[PROBLEM TO SOLVE]
Every line from the one holding "Allows you to select" through the one holding "- Now, you can" in the data below must be returned exactly, both ends included, with pictures left out and nothing else added.

[RECORDS SUPPLIED]
┌──

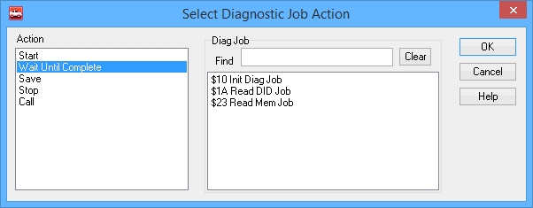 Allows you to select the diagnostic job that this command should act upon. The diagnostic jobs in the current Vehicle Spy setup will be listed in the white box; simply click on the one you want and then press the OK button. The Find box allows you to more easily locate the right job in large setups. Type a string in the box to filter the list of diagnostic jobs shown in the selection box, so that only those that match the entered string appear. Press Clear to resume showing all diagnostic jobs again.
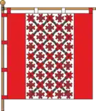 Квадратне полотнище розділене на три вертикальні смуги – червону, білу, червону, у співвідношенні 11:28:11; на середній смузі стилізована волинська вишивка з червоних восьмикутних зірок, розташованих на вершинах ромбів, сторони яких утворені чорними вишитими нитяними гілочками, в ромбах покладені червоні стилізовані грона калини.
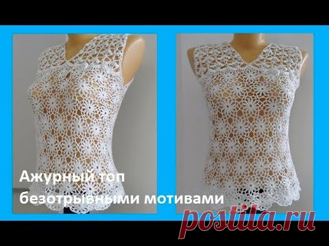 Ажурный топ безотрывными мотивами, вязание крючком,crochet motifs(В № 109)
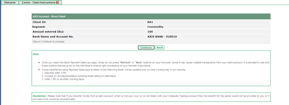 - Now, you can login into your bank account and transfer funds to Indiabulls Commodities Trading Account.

└──
┌──

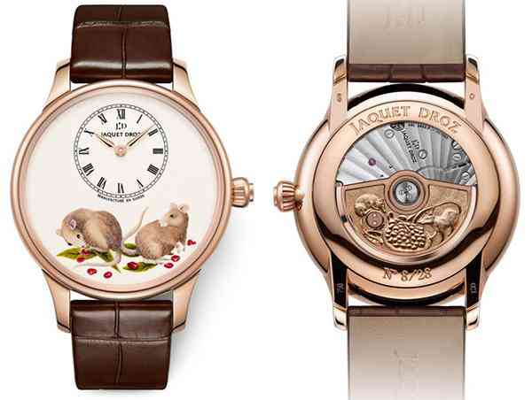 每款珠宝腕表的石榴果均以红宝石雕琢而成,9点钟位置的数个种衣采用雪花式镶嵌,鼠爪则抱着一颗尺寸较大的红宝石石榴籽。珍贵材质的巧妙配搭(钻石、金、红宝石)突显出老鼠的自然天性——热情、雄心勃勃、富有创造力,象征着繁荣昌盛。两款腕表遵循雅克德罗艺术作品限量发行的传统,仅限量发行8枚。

└──

[WRITTEN RESPONSE]
 Allows you to select the diagnostic job that this command should act upon. The diagnostic jobs in the current Vehicle Spy setup will be listed in the white box; simply click on the one you want and then press the OK button. The Find box allows you to more easily locate the right job in large setups. Type a string in the box to filter the list of diagnostic jobs shown in the selection box, so that only those that match the entered string appear. Press Clear to resume showing all diagnostic jobs again.
 Квадратне полотнище розділене на три вертикальні смуги – червону, білу, червону, у співвідношенні 11:28:11; на середній смузі стилізована волинська вишивка з червоних восьмикутних зірок, розташованих на вершинах ромбів, сторони яких утворені чорними вишитими нитяними гілочками, в ромбах покладені червоні стилізовані грона калини.
 Ажурный топ безотрывными мотивами, вязание крючком,crochet motifs(В № 109)
 - Now, you can login into your bank account and transfer funds to Indiabulls Commodities Trading Account.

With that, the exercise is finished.